**Data section**
◆ ◆ ◆ ◆ ◆ ◆ ◆

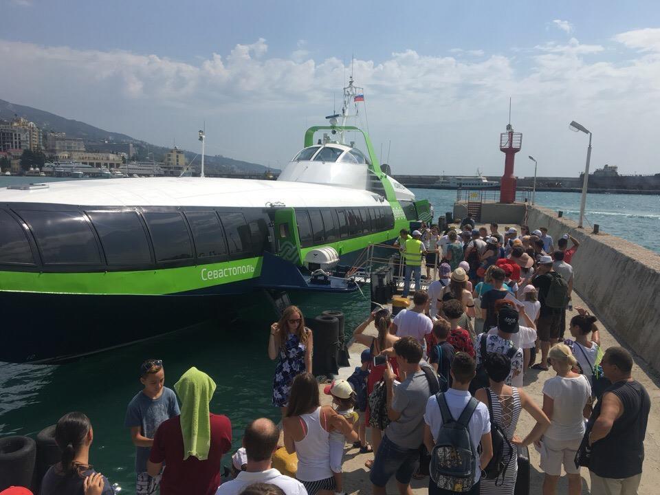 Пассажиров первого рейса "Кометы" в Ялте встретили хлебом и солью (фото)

◆ ◆ ◆ ◆ ◆ ◆ ◆

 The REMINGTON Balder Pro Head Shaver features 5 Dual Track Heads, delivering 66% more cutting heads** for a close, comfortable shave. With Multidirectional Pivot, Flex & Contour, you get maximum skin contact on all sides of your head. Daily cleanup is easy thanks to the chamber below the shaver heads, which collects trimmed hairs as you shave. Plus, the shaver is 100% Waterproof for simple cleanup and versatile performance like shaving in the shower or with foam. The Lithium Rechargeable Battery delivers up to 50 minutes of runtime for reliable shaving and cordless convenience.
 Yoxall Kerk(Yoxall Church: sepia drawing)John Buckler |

◆ ◆ ◆ ◆ ◆ ◆ ◆

**Task**
Would you print, exactly as written, every line above from the one holding "The REMINGTON Balder" through the one holding "Yoxall Kerk(Yoxall Church: sepia", with both included and no other lines?

**Exercise response**
 The REMINGTON Balder Pro Head Shaver features 5 Dual Track Heads, delivering 66% more cutting heads** for a close, comfortable shave. With Multidirectional Pivot, Flex & Contour, you get maximum skin contact on all sides of your head. Daily cleanup is easy thanks to the chamber below the shaver heads, which collects trimmed hairs as you shave. Plus, the shaver is 100% Waterproof for simple cleanup and versatile performance like shaving in the shower or with foam. The Lithium Rechargeable Battery delivers up to 50 minutes of runtime for reliable shaving and cordless convenience.
 Yoxall Kerk(Yoxall Church: sepia drawing)John Buckler |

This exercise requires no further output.